### Instructions to follow
Here is a listing, set out below; repeat its lines from the one with "Op SkyVector kan" to the last, both included, and leave out the pictures.
*** Opening Information supplied ***
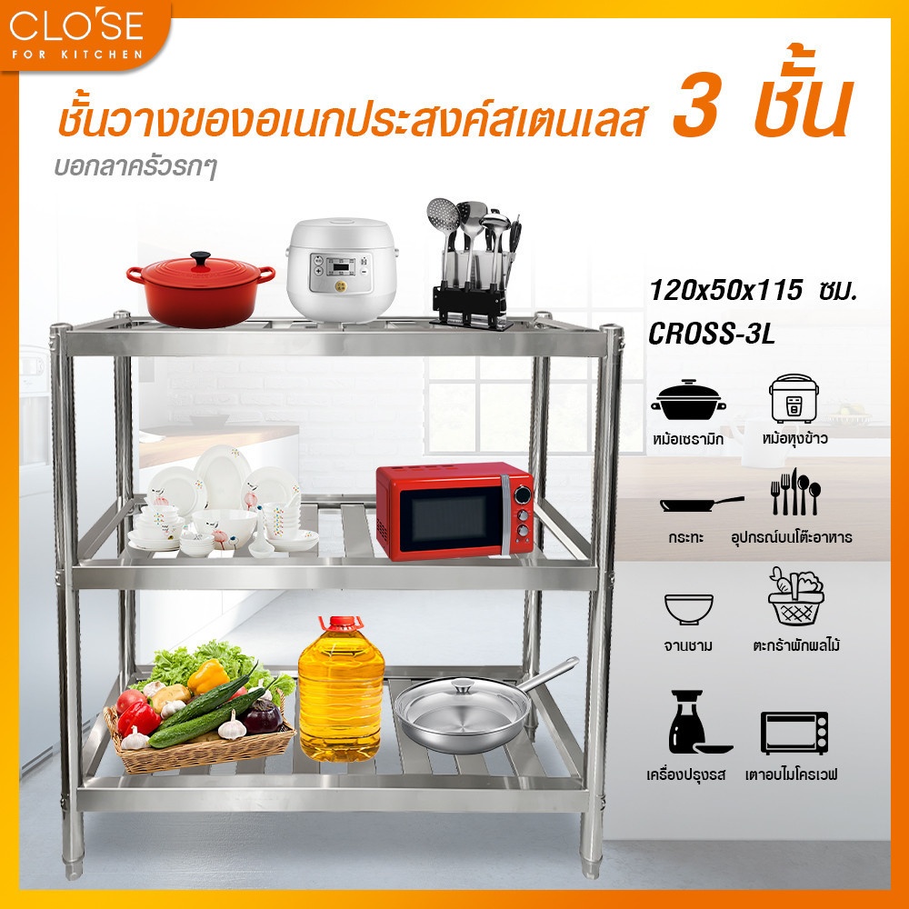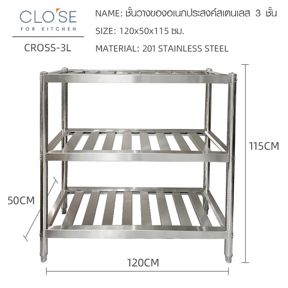 CLOSE ชั้นวางของอเนกประสงค์สเตนเลส 3 ชั้น 120x50x115 ซม. CROSS-3L
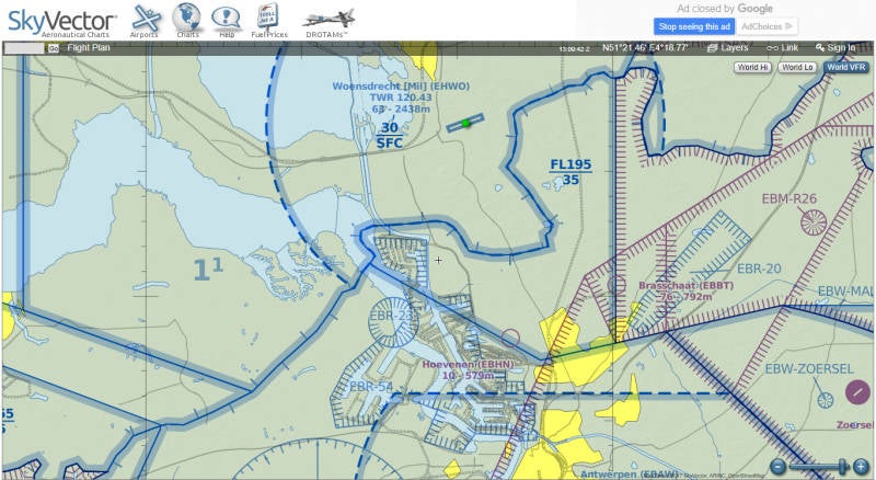 Op SkyVector kan je ook veel informatie vinden over flyzones en No-flyzones Metar en Taf
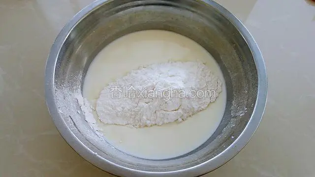 4.把牛奶倒入容器中,筛入低筋面粉、淀粉和糖粉。
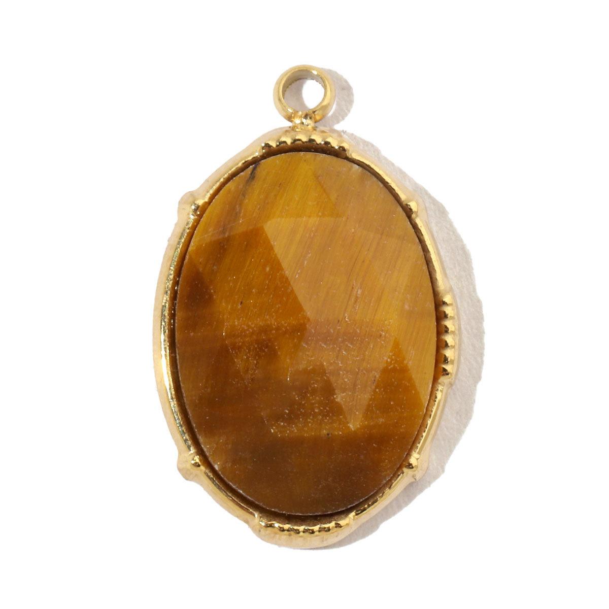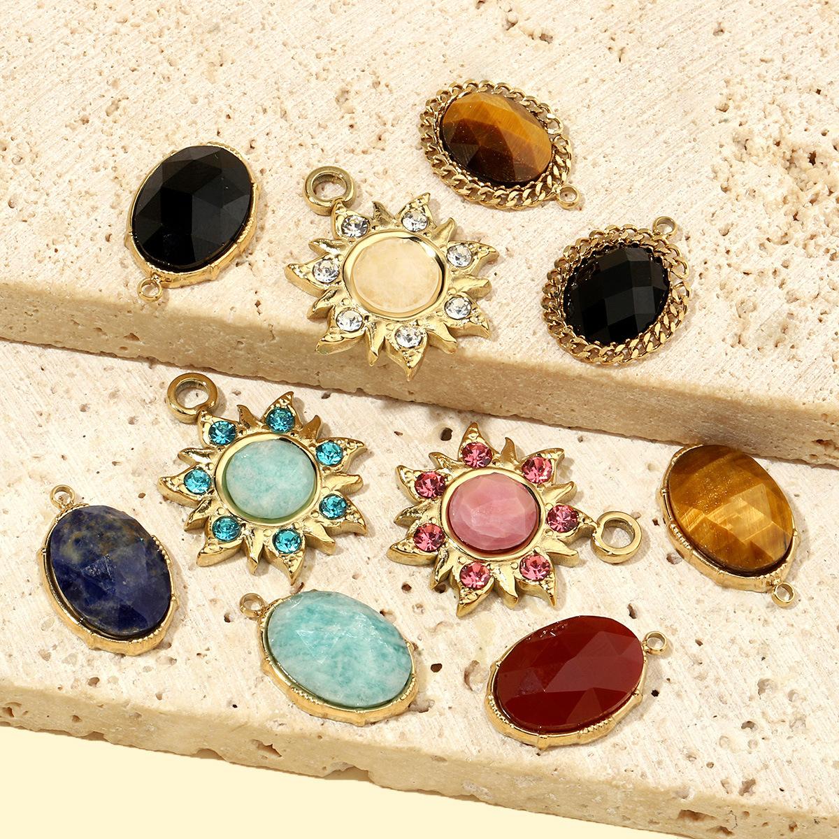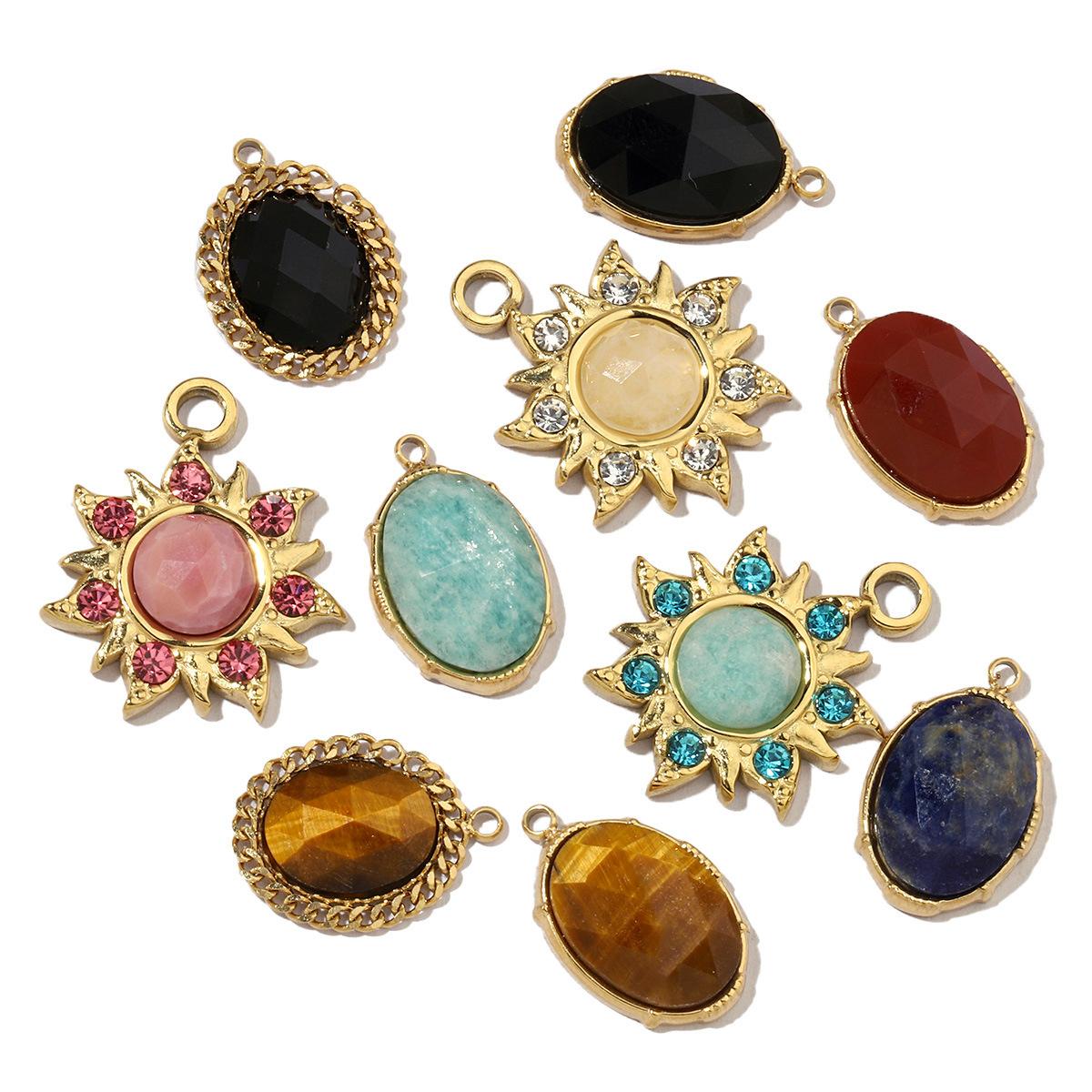 Pingente de pedra natural de flor francesa, aço titânio, faça você mesmo, feminino, geométrico, oval, aço inoxidável, joia, colar de jade branco, pingente
*** Closing Information supplied ***
### Exercise output
 Op SkyVector kan je ook veel informatie vinden over flyzones en No-flyzones Metar en Taf
 4.把牛奶倒入容器中,筛入低筋面粉、淀粉和糖粉。
 Pingente de pedra natural de flor francesa, aço titânio, faça você mesmo, feminino, geométrico, oval, aço inoxidável, joia, colar de jade branco, pingente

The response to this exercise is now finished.